Records shown |
:::::

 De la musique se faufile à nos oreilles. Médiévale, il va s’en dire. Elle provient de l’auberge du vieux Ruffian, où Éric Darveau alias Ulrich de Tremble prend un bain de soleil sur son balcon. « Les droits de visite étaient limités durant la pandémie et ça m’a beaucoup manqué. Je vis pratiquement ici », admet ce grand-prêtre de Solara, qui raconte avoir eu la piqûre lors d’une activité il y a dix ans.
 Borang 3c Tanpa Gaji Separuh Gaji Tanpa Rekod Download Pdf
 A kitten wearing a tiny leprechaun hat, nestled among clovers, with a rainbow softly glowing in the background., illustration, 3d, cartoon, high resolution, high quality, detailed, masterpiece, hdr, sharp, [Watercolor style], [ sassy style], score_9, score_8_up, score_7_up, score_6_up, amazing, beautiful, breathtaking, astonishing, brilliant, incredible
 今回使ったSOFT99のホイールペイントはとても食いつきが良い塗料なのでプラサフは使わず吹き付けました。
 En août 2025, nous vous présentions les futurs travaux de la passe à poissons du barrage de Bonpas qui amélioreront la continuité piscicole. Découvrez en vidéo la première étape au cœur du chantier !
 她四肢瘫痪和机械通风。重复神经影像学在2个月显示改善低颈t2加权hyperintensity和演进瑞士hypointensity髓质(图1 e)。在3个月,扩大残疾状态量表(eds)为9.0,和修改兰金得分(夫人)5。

:::::

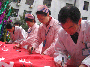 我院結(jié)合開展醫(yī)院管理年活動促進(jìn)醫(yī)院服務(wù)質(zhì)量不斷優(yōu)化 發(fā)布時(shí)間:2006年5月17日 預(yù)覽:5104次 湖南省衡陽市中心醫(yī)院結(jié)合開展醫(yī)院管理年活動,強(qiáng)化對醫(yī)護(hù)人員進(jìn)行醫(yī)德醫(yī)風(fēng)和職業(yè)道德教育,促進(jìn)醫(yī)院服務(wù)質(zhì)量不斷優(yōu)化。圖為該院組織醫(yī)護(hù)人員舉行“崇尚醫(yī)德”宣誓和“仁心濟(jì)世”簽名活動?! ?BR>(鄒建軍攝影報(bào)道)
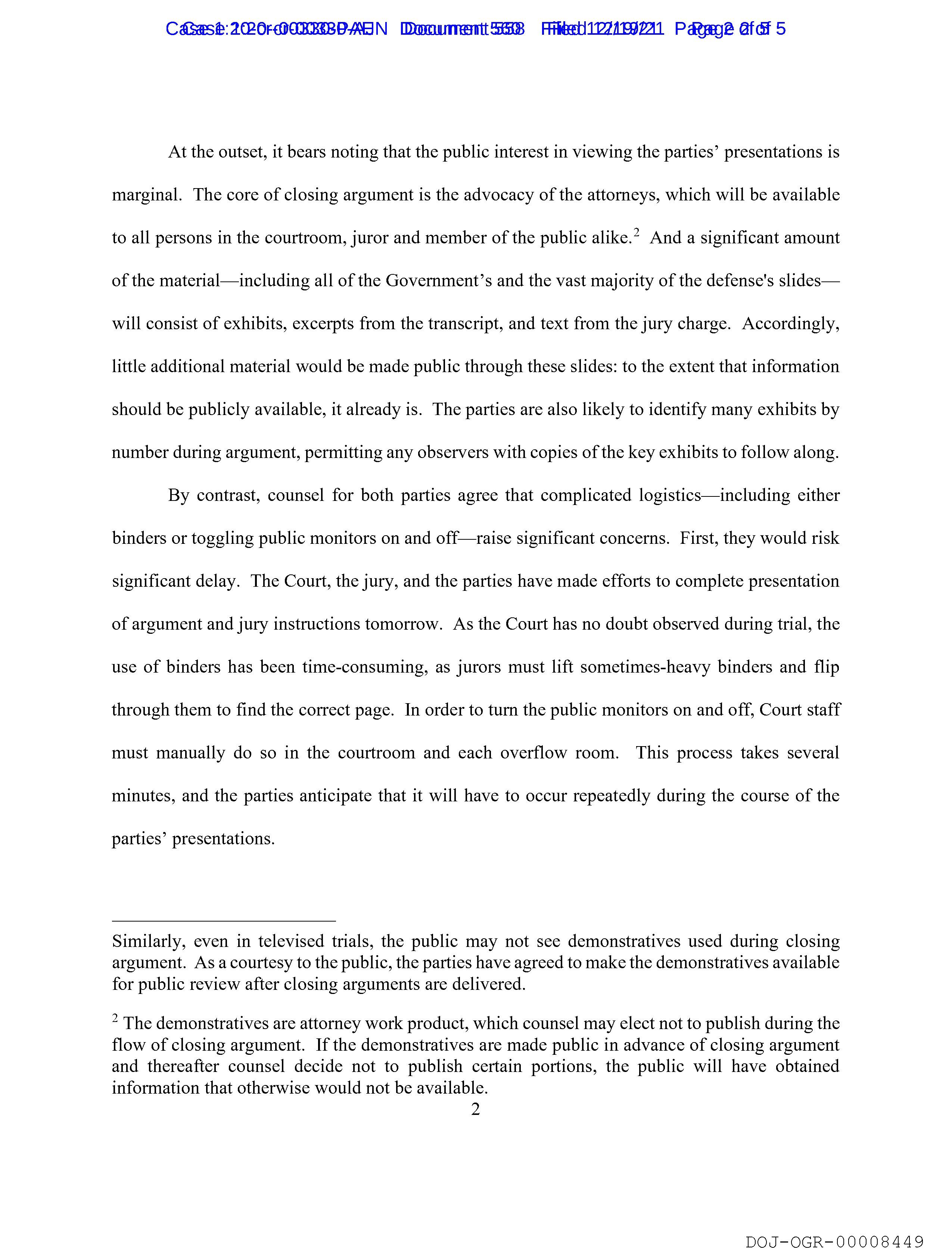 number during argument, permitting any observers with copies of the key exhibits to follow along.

:::::

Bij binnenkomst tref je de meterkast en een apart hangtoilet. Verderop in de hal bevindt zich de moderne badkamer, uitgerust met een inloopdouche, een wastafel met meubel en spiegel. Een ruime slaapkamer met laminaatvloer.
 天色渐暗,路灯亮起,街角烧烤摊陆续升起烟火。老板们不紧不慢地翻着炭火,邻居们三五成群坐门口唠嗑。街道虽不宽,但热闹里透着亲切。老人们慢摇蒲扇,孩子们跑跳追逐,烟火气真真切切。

:::::

Assignment |
Here the output must be the lines above from the line with "Borang 3c Tanpa" to the line with "今回使ったSOFT99のホイ", both included, duplicated word for word and nothing else.

Answer for this exercise |
 Borang 3c Tanpa Gaji Separuh Gaji Tanpa Rekod Download Pdf
 A kitten wearing a tiny leprechaun hat, nestled among clovers, with a rainbow softly glowing in the background., illustration, 3d, cartoon, high resolution, high quality, detailed, masterpiece, hdr, sharp, [Watercolor style], [ sassy style], score_9, score_8_up, score_7_up, score_6_up, amazing, beautiful, breathtaking, astonishing, brilliant, incredible
 今回使ったSOFT99のホイールペイントはとても食いつきが良い塗料なのでプラサフは使わず吹き付けました。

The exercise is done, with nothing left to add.